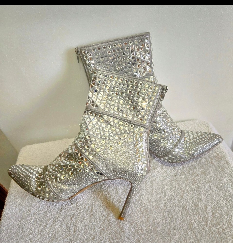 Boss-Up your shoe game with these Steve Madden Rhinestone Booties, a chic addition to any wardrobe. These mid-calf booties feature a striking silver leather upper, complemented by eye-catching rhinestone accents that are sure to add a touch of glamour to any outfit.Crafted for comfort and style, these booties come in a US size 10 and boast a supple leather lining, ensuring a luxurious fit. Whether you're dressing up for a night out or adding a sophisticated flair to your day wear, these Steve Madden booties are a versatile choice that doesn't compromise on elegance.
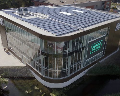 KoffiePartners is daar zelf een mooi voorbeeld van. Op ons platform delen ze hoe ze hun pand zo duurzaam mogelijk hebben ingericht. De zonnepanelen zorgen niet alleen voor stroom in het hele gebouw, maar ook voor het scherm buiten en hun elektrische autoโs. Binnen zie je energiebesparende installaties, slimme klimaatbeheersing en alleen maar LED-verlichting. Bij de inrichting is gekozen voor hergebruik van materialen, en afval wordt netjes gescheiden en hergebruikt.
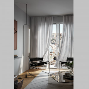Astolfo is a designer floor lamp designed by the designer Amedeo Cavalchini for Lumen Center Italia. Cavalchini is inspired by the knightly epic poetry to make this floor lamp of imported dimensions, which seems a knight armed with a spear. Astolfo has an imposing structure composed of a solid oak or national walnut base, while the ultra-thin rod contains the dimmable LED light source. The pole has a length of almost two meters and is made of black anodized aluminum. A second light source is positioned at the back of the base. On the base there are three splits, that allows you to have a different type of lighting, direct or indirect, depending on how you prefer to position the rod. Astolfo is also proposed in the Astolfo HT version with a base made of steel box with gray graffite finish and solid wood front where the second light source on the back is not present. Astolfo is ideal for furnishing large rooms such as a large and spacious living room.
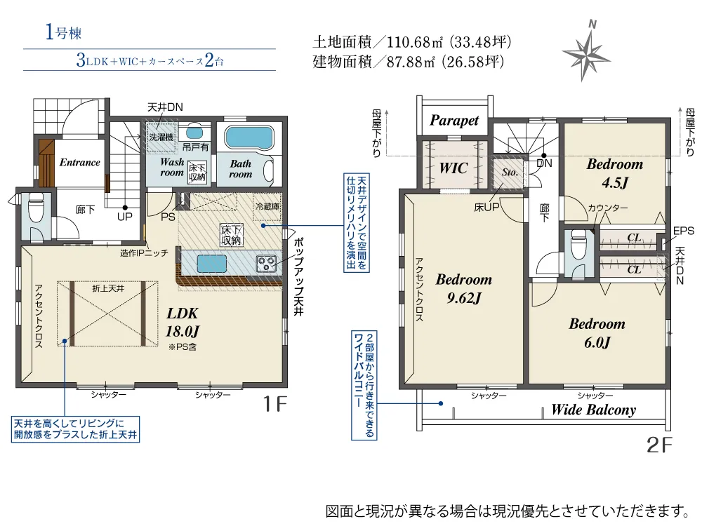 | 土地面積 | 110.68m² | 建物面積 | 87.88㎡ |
+ + +
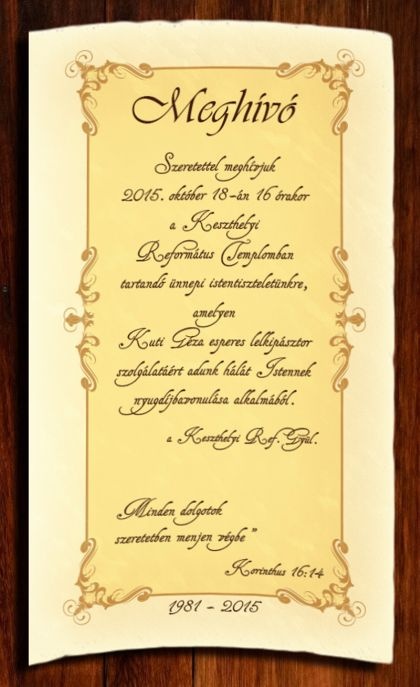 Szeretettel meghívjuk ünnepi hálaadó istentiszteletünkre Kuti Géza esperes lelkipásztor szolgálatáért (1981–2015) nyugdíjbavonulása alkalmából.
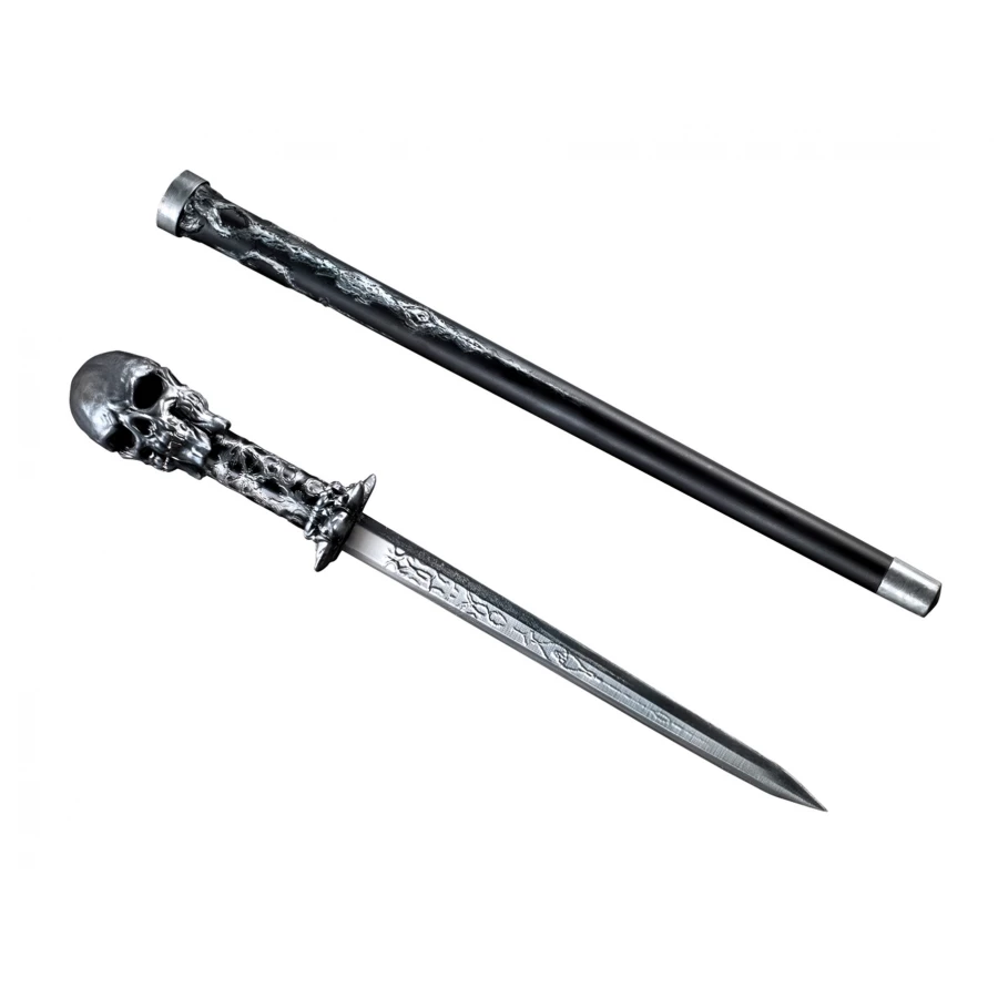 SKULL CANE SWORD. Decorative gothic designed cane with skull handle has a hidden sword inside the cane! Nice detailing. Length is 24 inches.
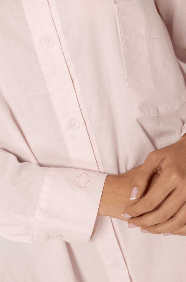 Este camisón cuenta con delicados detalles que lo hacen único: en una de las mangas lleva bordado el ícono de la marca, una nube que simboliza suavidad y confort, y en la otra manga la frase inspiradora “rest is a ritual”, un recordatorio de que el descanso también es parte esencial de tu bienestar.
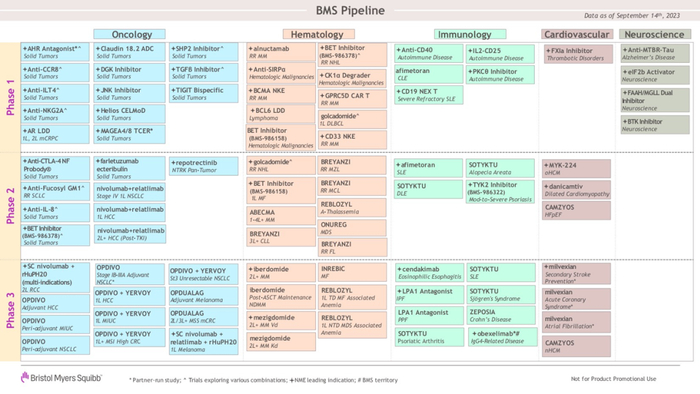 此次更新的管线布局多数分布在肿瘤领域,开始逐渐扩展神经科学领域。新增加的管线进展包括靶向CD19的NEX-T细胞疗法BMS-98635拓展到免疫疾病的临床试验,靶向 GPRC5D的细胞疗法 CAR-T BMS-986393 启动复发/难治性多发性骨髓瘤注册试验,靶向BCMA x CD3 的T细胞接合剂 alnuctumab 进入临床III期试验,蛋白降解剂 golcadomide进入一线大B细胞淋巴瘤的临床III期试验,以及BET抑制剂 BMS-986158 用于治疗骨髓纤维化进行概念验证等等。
+ + +
* What is expected *
Only one stretch of the listing is wanted: the lines starting at the one with "Szeretettel meghívjuk ünnepi" and ending at the one with "SKULL CANE SWORD.", copied exactly and free of pictures.

* Solution for this task *
 Szeretettel meghívjuk ünnepi hálaadó istentiszteletünkre Kuti Géza esperes lelkipásztor szolgálatáért (1981–2015) nyugdíjbavonulása alkalmából.
 SKULL CANE SWORD. Decorative gothic designed cane with skull handle has a hidden sword inside the cane! Nice detailing. Length is 24 inches.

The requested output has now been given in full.